→ **What is being asked**: Some of the lines below need repeating. Reproduce exactly those between the lines holding "#03C02A RGB value" and "10分钟后(没有那么严格的时", inclusive.
══ Records
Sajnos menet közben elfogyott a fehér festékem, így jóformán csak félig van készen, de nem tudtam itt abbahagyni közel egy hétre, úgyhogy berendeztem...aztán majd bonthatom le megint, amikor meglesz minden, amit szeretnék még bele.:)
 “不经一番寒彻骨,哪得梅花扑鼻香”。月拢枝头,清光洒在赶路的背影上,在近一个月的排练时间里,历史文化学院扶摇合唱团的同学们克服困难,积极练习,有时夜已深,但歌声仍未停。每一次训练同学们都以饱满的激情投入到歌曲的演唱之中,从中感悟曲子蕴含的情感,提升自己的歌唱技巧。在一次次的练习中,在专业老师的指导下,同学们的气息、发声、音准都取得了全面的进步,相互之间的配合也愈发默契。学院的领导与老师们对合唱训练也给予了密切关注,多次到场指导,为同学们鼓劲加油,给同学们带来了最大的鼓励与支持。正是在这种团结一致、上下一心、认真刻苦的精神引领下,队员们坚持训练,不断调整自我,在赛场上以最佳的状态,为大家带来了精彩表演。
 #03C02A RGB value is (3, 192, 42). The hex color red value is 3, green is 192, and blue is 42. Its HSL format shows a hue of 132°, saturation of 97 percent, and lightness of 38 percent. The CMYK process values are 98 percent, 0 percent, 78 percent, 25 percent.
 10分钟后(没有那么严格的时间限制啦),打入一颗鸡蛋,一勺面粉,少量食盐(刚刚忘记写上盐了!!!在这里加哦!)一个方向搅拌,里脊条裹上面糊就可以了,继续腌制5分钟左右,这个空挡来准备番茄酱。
════
══ Records
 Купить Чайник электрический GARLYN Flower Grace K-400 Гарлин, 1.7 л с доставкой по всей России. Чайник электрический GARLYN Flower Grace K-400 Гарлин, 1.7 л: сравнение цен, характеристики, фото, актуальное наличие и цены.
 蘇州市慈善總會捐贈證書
════
→ **Task output**:
 #03C02A RGB value is (3, 192, 42). The hex color red value is 3, green is 192, and blue is 42. Its HSL format shows a hue of 132°, saturation of 97 percent, and lightness of 38 percent. The CMYK process values are 98 percent, 0 percent, 78 percent, 25 percent.
 10分钟后(没有那么严格的时间限制啦),打入一颗鸡蛋,一勺面粉,少量食盐(刚刚忘记写上盐了!!!在这里加哦!)一个方向搅拌,里脊条裹上面糊就可以了,继续腌制5分钟左右,这个空挡来准备番茄酱。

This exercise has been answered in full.